Laity can lead the way

Laity can lead the way

Over the past month or so I have had cause to ask myself: “Who are the people in the church who will be key in enabling the Synod to live out God’s vision for it, ‘Moving with God – Transforming communities’”?

In the last month as I have moved around and shared with different people, what I already believed has been confirmed over and over again. The key people are not ministers of the word, deacons or people in specified ministries.

As significant as these people are, God’s vision will only ever look like something seen through the wrong end of the binoculars if we focus our hope on their work and ministry.

The key people are the lay people in the church’s congregations and faith communities responding to the call of God in their lives.

We need to take seriously the idea of the “priesthood of all believers”.

Let me share some stories.

I preached at the 190th anniversary of the Castlereagh Church and what spoke to me was the story of that congregation’s beginnings.

John Lees built the original chapel at Castlereagh so that the people in that remote district could gather in a place close at hand and experience the grace of God as he had experienced it.
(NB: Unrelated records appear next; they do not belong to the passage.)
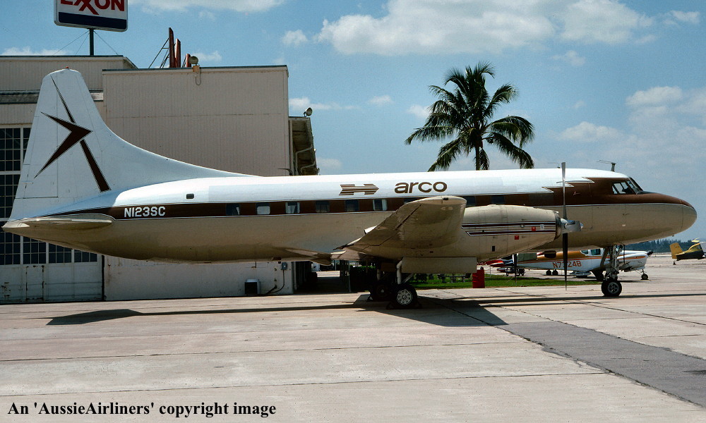 N123SC. Arco - in the basic Aviation Office Of America livery at Miami Opa Locka Airport, May 1976. (R. N. Smith Collection Copyright Image 1029-139.) |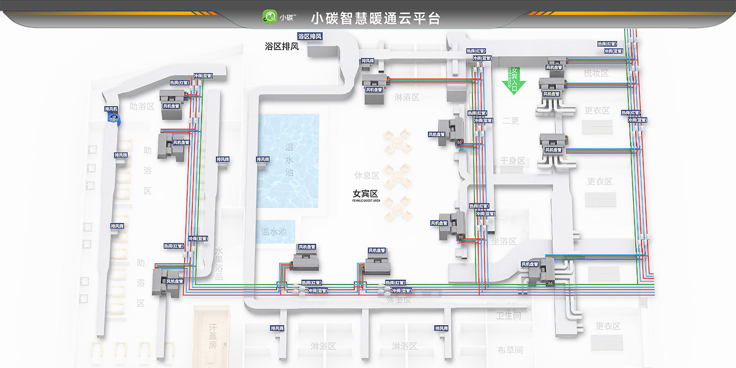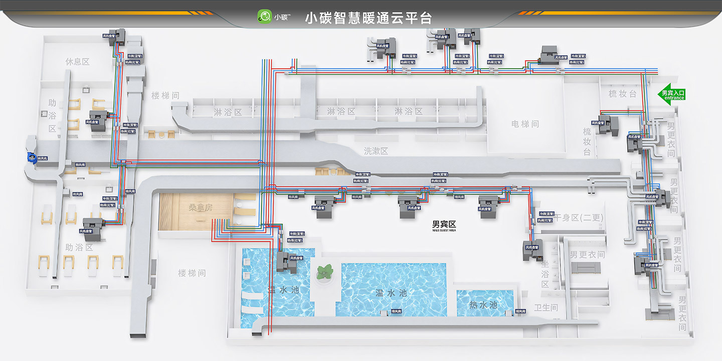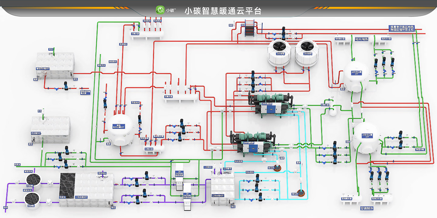 项目需求:●淋浴热水 ●泡池恒温 ●新风 ●设备间分区温度管理 ●全自动化 ●物联网智控 ●供暖 ●空调制冷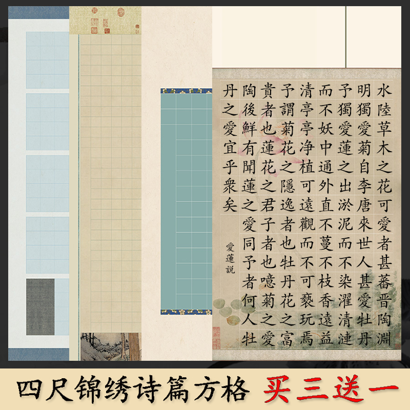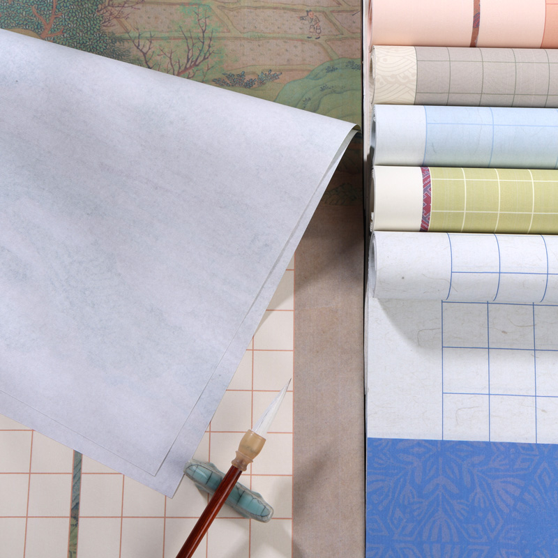 蜡染微喷宣纸方格毛笔书法作品纸四尺对开整张半生半熟琴赋陋室铭沁园春雪定风波兰亭序千字文爱莲说专用纸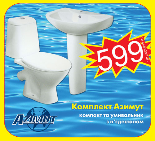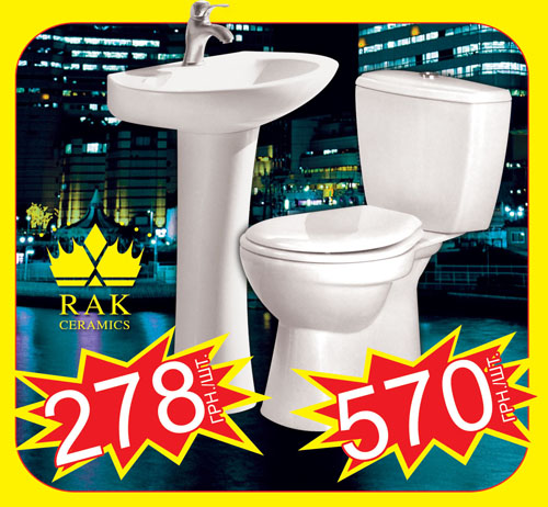 Так, высококачественные комплекты для санузла порадуют Вас своим классическим дизайном, высоким качеством и функциональностью. На свой вкус и цвет Вы можете выбрать комплект Азимут, который состоит их умывальника с пьедесталом и компакта по цене всего 599 грн или же приобрести керамику производства Объединенных Арабских Эмиратов. Современный компакт по цене 570 грн гармонично впишется в интерьер любого санузла.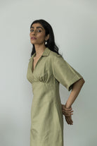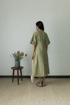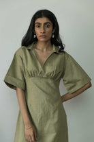 Description: The design team have revisited a classic from the archive, this time interpreting it in breathable hemp cotton. Cut for a midi length, this dress has a classic pointed collar, cinched waist and boxy cuff sleeves. The dropped shoulders and back slit help ease of movement.
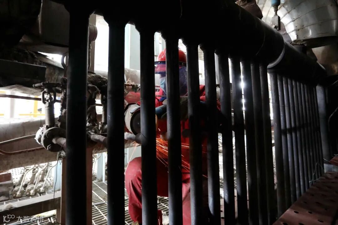 检修中需要进行脚手架搭设、弹簧吊架安拆限位、拆安炉顶遮蔽板、切焊炉管等等一系列工作。炉管更换时需用卷扬机将10多米长的炉管吊起,顺进炉内并垂直吊挂调整,组对焊接,对安全、质量、管理的要求非常高。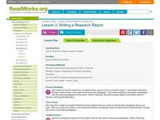 Transfer information from an outline into a well-developed research report. Using an already-written outline, model how to write an introductory paragraph and a body paragraph. Work through the conclusion as a class before allowing time...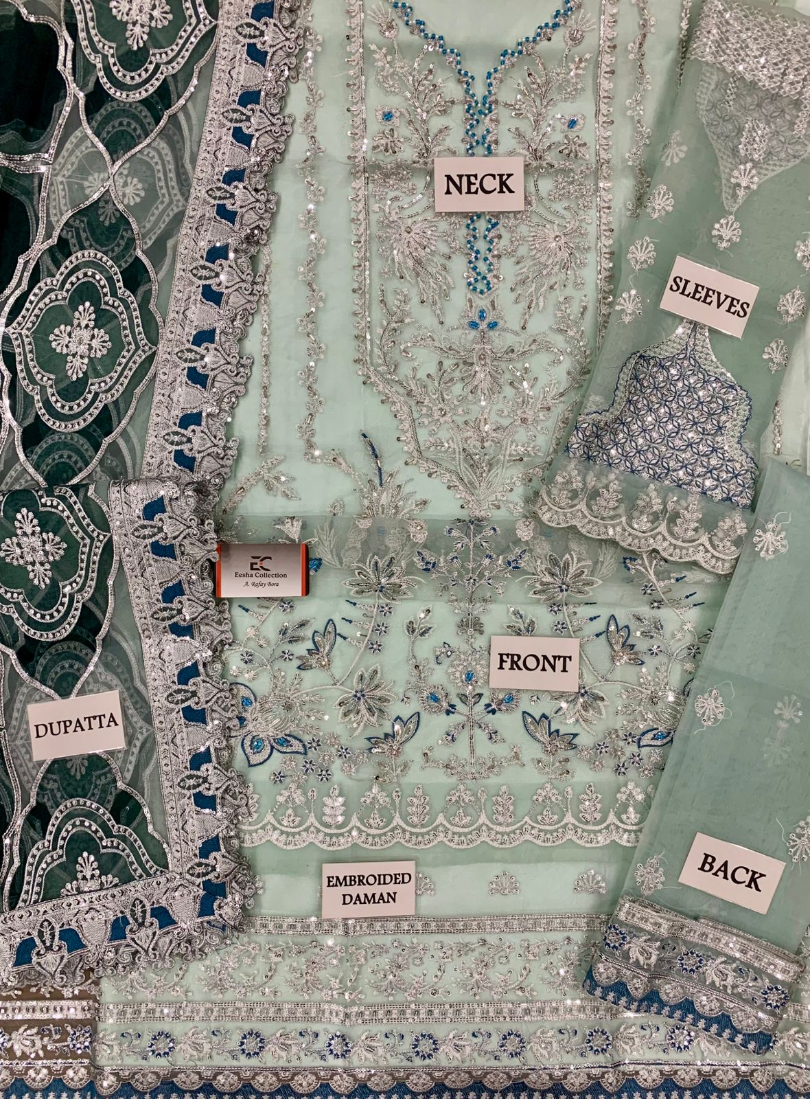 *Fully Embroidered organze back with heavy embroidered spengle work back daman boarder*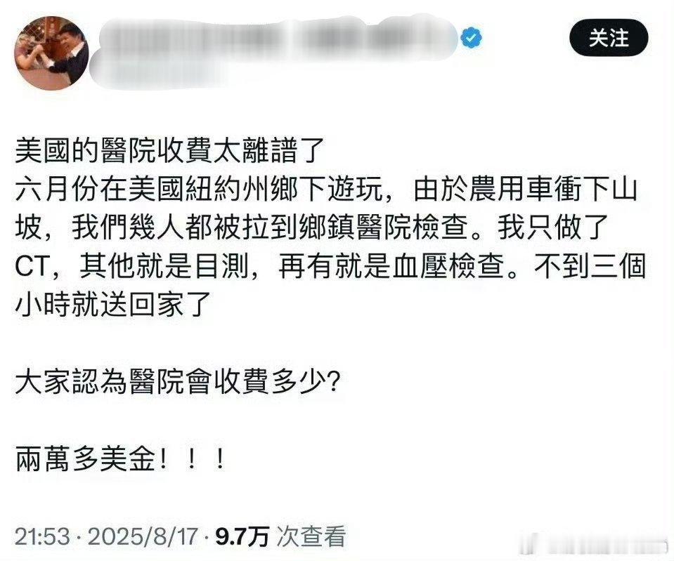 🔻美国斩杀线名不虚传。🔻血压检查+ct,医院收费2万美金。美国政府首次回应斩

Ministers came from time to time to preach, to encourage and to guide but it was lay people who planted the church and ensured that the body of Christ was evident in that place.

I was at a meeting in Forbes seeking to address issues of drought relief and I heard the story of the congregation at Cookamidgera — six to 12 people who have been part of “Project Reconnect” in which, over a number years, they have been focusing on reconnecting with God, reconnecting with each other and reconnecting with the community.

As a result of working together on the program, they decided that they could put on a Christmas community event. They did so with the help of the congregation at Parkes.

That was so successful they decided they could do one themselves and they put on a community barbecue in a hamlet of maybe 20 houses to which about 200 people came: a sign of hope in the midst of the dry despair of drought; a courageous step of grace that is about moving with God transforming communities.

Cookamidgera is planning another community event for Christmas this year.

I was at a Sydney Presbytery meeting and I heard the story of the “Green Church” at Maroubra Junction and how the concerns of lay people within a congregation for the world we live in, for God’s creation, led to many initiatives within the church community; from water tanks to car sharing and, significantly, a way of connecting with the community through shared concerns.

At a Community Fun Day put on by the congregation (a gift to the community which wasn’t about raising money — an act of grace — another story) a climate change activist who thought he would never find himself inside a church couldn’t believe he was handing out Green Church tee-shirts and promoting Green Church alongside church people.

This is a gospel story: having the courage to take hold of new ways of making the gospel come to life in the world in which we live. It is moving with God in our times that we may transform communities and ultimately the world.

If we reflect on the gospel story, we discover that the Christian Church was a movement of lay-people; lay people who, I would contend, were trained but not ordained.

This is not an argument against ordination but rather an argument for a trained, equipped, educated, spiritually-aware laity ready and encouraged to lead in mission, to live out a life of grace in the community in which they live, to respond to the call of God on their lives with a sense that they, as followers of Jesus, have the authority to speak and act in his name.

A key role of the ordained is to enable this to happen.

If we are serious about God’s vision for the Uniting Church, if we are serious about God’s desire to transform communities, we need the grace to let go of old ideas and models of being church and being in ministry; we need the courage to move into a way of being church and sharing ministry that maybe feels threatening but which will enable us to live the vision.